Work item
Copy each line of the listing below exactly and drop the images.

Dataset content
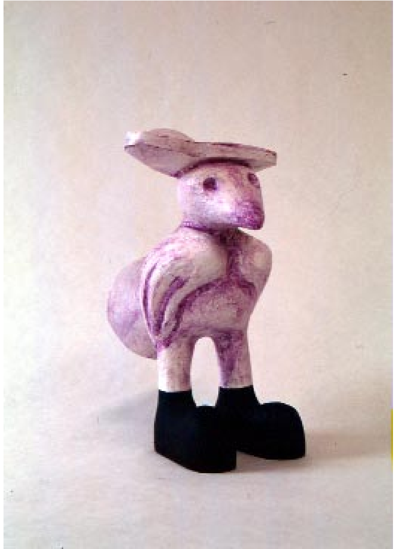
Et le monde va , 1993 Détail

Collection Frac Paca
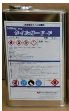
洗浄痕凹凸を平滑補修

Result for this task
Et le monde va , 1993 Détail

Collection Frac Paca
洗浄痕凹凸を平滑補修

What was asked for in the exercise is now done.